One of the most common and persuasive arguments against gun control is that guns offer a means with which good guys can protect themselves from bad guys.
In practice, unfortunately, the guns that good guys own to protect themselves from bad guys too often end up killing the good guys' kids or wives or the good guys themselves (either via suicide, accident, or, in some cases, because they're grabbed by the bad guys and used against the good guys). Or, as in the case of Florida teen Trayvon Martin, the guns kill people who the good guys think are bad guys but who aren't actually bad guys.
But, sometimes, the guns actually do what gun-control opponents say they do.
Earlier this winter, at a high school in Detroit, a 70-year-old basketball coach was walking two of his players (girls) across the parking lot to their cars.
According to WXYZ, an ABC News affiliate, the coach and players were approached by two young men, both of whom had attended the high school and one of whom had recently been expelled. One of the men reportedly pulled out a gun and grabbed the coach's necklace.
The coach, a reserve police officer, was licensed to carry a concealed handgun, and he was carrying it. He pulled it out and shot both of the attackers, killing one of them. The young man who died was a 16-year-old named Michael Scott. The boy with him was a 15-year-old. Neither the coach nor the girls were harmed.
Now, this is still a sad story — two teenagers got shot and one got killed — but at least it was the bad guys who got shot instead of the good guys. So, in this instance, a gun owned for "protection" worked. That's why gun-control opponents have seized on this and other similar stories to support their cause.
As the nation continues to debate gun control, however, it's worth noting a few things about this incident:
- First, and most importantly, the gun used for protection in this case would be perfectly legal under the proposed new gun-control laws.

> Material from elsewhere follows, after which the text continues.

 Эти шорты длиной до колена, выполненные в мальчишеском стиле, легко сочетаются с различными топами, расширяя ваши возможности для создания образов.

The proposed laws ban military-grade assault weapons and massive ammo clips, not handguns. And assuming the coach did not have a criminal record, he would still be a legal gun owner.
- Second, the coach was a trained police officer. He knew very well how to carry, handle, and use his handgun. And the fact that he used it effectively under the extreme shock and pressure of being robbed at gunpoint shows how well trained he was.

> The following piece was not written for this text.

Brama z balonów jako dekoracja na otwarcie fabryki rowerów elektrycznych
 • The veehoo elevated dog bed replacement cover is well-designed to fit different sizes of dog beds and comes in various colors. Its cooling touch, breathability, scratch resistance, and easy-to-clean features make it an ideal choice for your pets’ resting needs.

- Third, this incident could easily have turned out differently--as many similar incidents do. If the coach had been a bit slower or clumsier in pulling his own gun, the attackers could have shot and killed all three of the victims before they had a chance to defend themselves. (In the wild west, when everyone carried guns, it wasn't always the bad guys that got shot.)
The bottom line is that no mainstream politician in the current gun control debate is talking about banning the kind of gun used in this incident. And, unfortunately, the reason this incident has gained such notice among those who are against gun control is that it is a relatively rare incident.

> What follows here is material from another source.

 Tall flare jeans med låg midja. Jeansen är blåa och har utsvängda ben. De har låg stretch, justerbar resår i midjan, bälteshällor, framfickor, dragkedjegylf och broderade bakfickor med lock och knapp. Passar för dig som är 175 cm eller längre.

If you have good statistics on the number of incidents in which guns have successfully enabled good guys to protect themselves from bad guys, please email me. I will be happy to publish them.
UPDATE: Since publishing this post, I have heard from lots of other gun owners (I'm one) who say that good guys use guns constantly to protect themselves from bad guys. Some cite a figure from an old study saying that guns are "used" for protection 2.5 million times a year. As David Frum explains here, that study is old and highly flawed, in part because it depended on a small sample of individuals reporting their activity from memory and because the "use" of a gun was not defined. Another study puts incidents of gun uses for protection per year in the late 1980s at about 60,000. A 1994 study found that, in 1992, there were 82,500 incidents in which the victims of violent crime used guns to defend themselves. Importantly, however, that total included police officers. In the same year, there were 931,000 violent crimes committed using guns. Meanwhile, the FBI keeps statistics on "justifiable homicide" by private citizens. In 2011, there were 260 "justifiable homicides" in the U.S., 201 of which were by guns. Meanwhile, in 2010, according to data cited in Wikipedia, there were 19,392 firearm-related suicide deaths and 11,078 firearm-related homicide deaths. These statistics suggest that guns are successfully used to kill or victimize good guys a lot more often than they are successfully used to protect good guys.